An earlier draft of this book was my doctoral dissertation, submitted to the National University of Singapore in 1984, while I was teaching in its department of philosophy. I am grateful to S. Gopalan and Goh Swee Tiang for their comments on the first draft. Robert Stecker also offered helpful suggestions on some of the early chapters. I am particularly grateful to Peter Della Santina and other members of the informal Mādhyamika Study Group that met in 1983–84, where many of these ideas were first discussed. The publication of this book owes much to the efforts of two people: Jeanne Ferris, editor at Yale University Press, who encouraged and nurtured the project, and John Koller, professor at the Rensselaer Polytechnic Institute, whose criticisms were both supportive and extremely helpful.

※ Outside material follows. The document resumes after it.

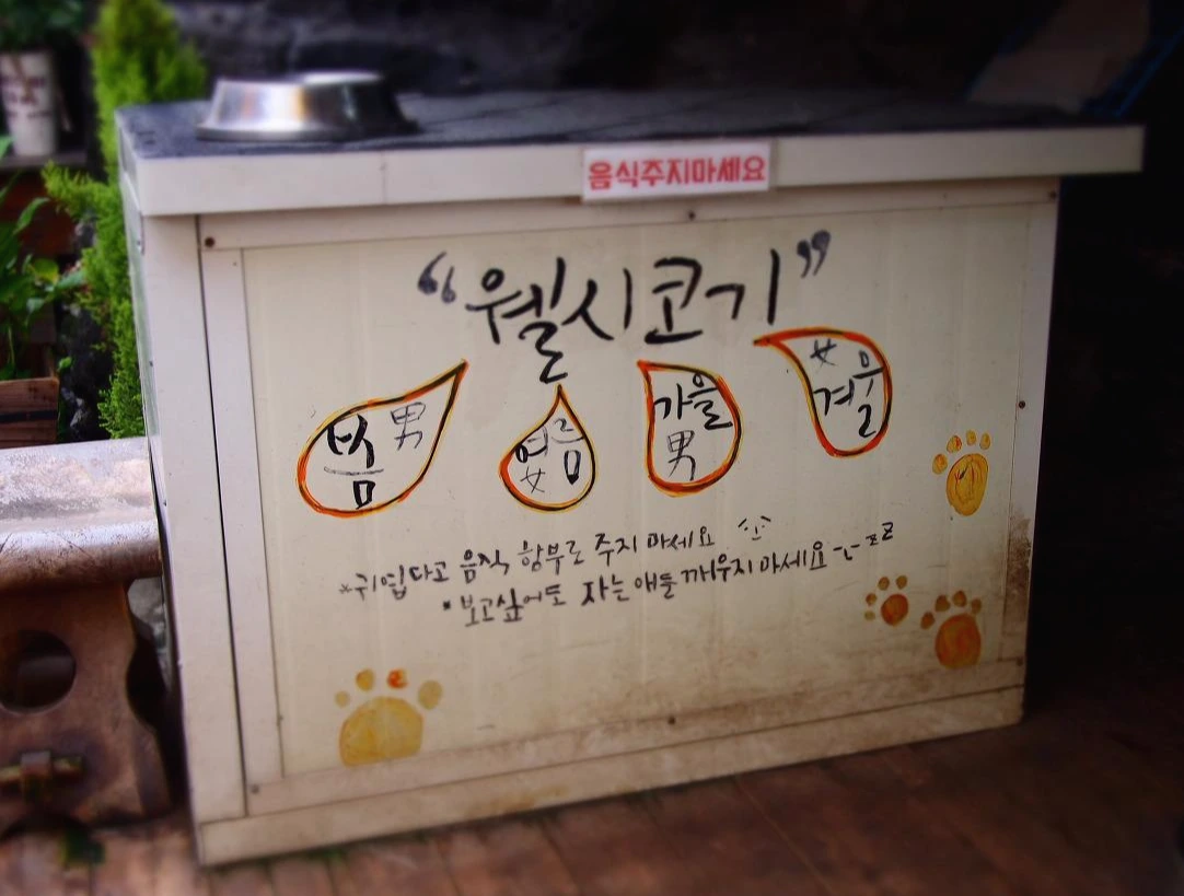 개들은 순했고 아이들의 손길이 좋은지 때로는 눈을 감고 졸린 표정을 지었다. 그런데 어떤 할머니뻘 아주머니가 나타나서는 “아휴, 개들이 얼마나 귀찮겠어. 얼마나 만져댔으면 저렇게 만져도 가만히 있겠어.”라고 혀를 끌끌 차며 개들을 쳐다본다. 개를 사랑하는 마음은 알겠다만, 나도 개를 가족으로 키웠던 사람 입장에서 개들은 사람들과의 스킨쉽을 좋아한다고 알고 있고, 우리집 까칠이개도 그랬다. 울타리 안에는 먹을 것을 주지 말 것과 잠 잘 때 깨우지 말아달라는 부탁이 담긴 팻말이 걸려 있는 것으로 보아 개들을 아끼는 주인의 마음을 읽을 수 있다. 그 개들이 모르는 사람들의 손길로 인해 스트레스를 받고 있다면 계속 그 곳에 놓아두었을 리 없다고 생각한다. 물론 그 아주머니 말이 맞을 수도 있지만, 어린 아이들이 좋아서 발을 동동거리며 만져주는 그 현장에서 무슨 심보로 저런 말을 하는 건지는 솔직히 아직도 이해가 가지 않는다.

Parts of this book were first published in various journals. Passages from chapters 2 and 3 were in “The Difference between Saṁsāra and Nirvāṇa,” Philosophy East and West 33, no. 4 (October 1983): 355–65, published by the University of Hawaii Press. An earlier version of the first section of chapter 3 appeared as “Wei-wu-wei: Nondual Action” in Philosophy East and West 35, no. 1 (January 1985): 73–86, and an earlier version of the second section as “Chapter One of the Tao Tê Ching: A ‘New’ Interpretation” in Religious Studies 21, no. 3 (September 1985), published by Cambridge University Press. Parts of chapter 4 appeared as “Nondual Thinking” in the Journal of Chinese Philosophy 13, no. 3 (September 1986). Some of the material in chapter 5 and the first two sections of chapter 6 was first presented as “Enlightenment in Buddhism and Advaita Vedanta: Are Nirvana and Moksha the Same?” in International Philosophical Quarterly 22, no. 1 (March 1982). An earlier version of the third section of chapter 6 appeared as “The Mahāyāna Deconstruction of Time” in Philosophy East and West 36, no. 1 (January 1986): 13–23; much of the fourth section as “The Paradox of Causality in Mādhyamika” in International Philosophical Quarterly 25, no. 1 (March 1985); and an expanded version of the sixth section as “The Clôture of Deconstruction: A Mahāyāna Critique of Derrida” in International Philosophical Quarterly 27, no. 1 (March 1987). Some of the ideas discussed in chapter 8 were first published as “How Many Nondualities Are There?” (the title now given to chapter 1) in the Journal of Indian Philosophy 11, no. 4 (December 1983). A few pages from chapter 6 and from the conclusion were presented to the third Kyoto Zen Symposium and appeared in “Mu and Its Implications,” Zen Buddhism Today 3 (1985), published by the Institute for Zen Studies, Kyoto, Japan.
I also thank Goh Boon Tay and Arlene Ho for their painstaking efforts in retyping various drafts, parts of which were barely legible, and Susan Hunston and Stephanie Jones for all their help with the manuscript.
Finally, deep and continuing gratitude to Linda Goodhew for taking care of me and putting up with me during this book’s long gestation.